中部電力浜岡原発の審査に「不適切事案」発覚!信頼失墜と再稼働への暗雲
静岡県の浜岡原子力発電所の再稼働をめぐり、中部電力が不適切事案を認めて謝罪しました。今回の問題は、原子力事業に対する信頼を大きく揺るがす可能性があり、再稼働の行方に暗雲が立ち込めています。
緊急会見で謝罪した中部電力
中部電力は5日、緊急会見を開き、林欣吾社長が深く謝罪しました。浜岡原発は、2011年の福島第一原発事故を受けて稼働を停止しており、3号機と4号機は再稼働に向けて原子力規制委員会による審査を受けています。
問題となった「振動の評価」とは?
今回の問題は、浜岡原発周辺で地震が発生した場合の「振動の評価」にあります。中部電力は、地震動のデータを規制委員会への説明とは異なる方法で作成・提出し、意図的に都合の良いデータを選んでいた疑いがあります。

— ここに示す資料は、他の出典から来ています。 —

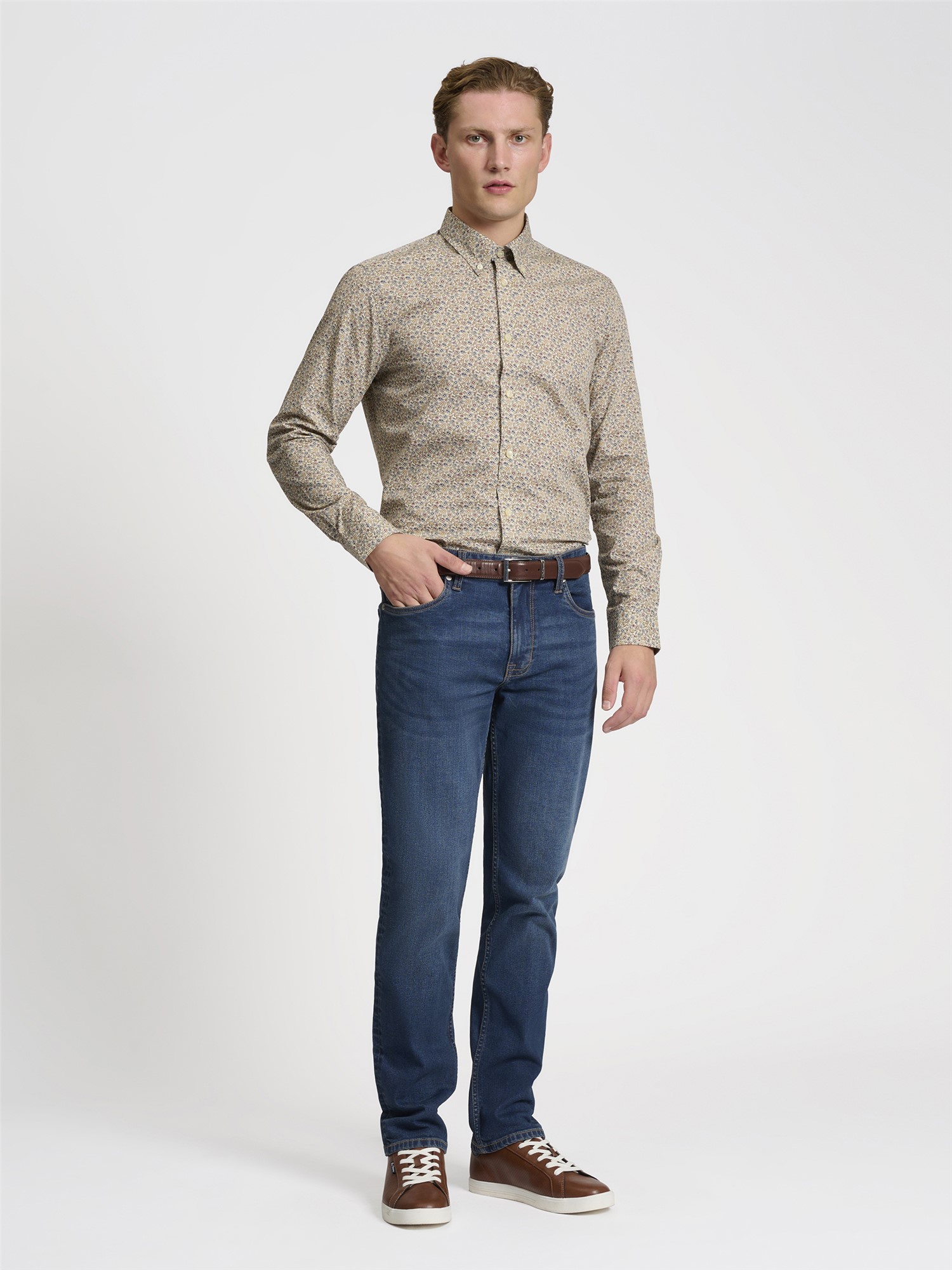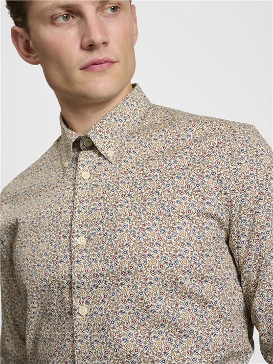 A regular fit shirt designed with a winter floral print. Featuring a curved hem, two finger button down collar and a ‘Ben Sherman’ branded woven label at the side seam. Made from 100% cotton.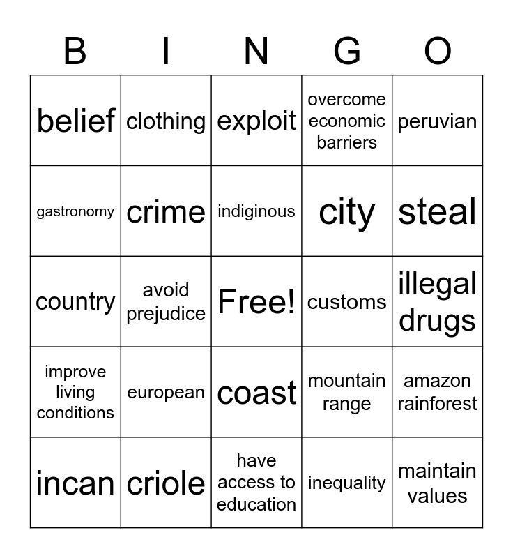 This bingo card has a free space and 24 words: european, criole, indiginous, incan, peruvian, belief, gastronomy, clothing, customs, coast, city, country, mountain range, amazon rainforest, crime, inequality, illegal drugs, exploit, steal, avoid prejudice, maintain values, improve living conditions, overcome economic barriers and have access to education.

林社長は会見で、「平均値に近い波ではないものを代表波として、意図的に選定し、地震動を過小評価していたということを確認している」と説明しました。つまり、地震の揺れを実際よりも小さく見せるような操作が行われていた疑いがあるのです。
第三者委員会を設置し原因究明へ
中部電力は、今回の事態を「原子力事業に対する信頼を失墜させ、同事業の根幹を揺るがしかねない事案」と認識し、原因究明と再発防止策の検討のため、外部の専門家だけで構成する第三者委員会を設置することを決定しました。
今回の問題は、原子力発電所の安全性に対する国民の不安を再燃させる可能性があります。中部電力は、徹底的な原因究明と透明性の高い情報公開を行い、信頼回復に努める必要があります。
今後の原子力規制委員会の審査や、第三者委員会の調査結果に注目が集まります。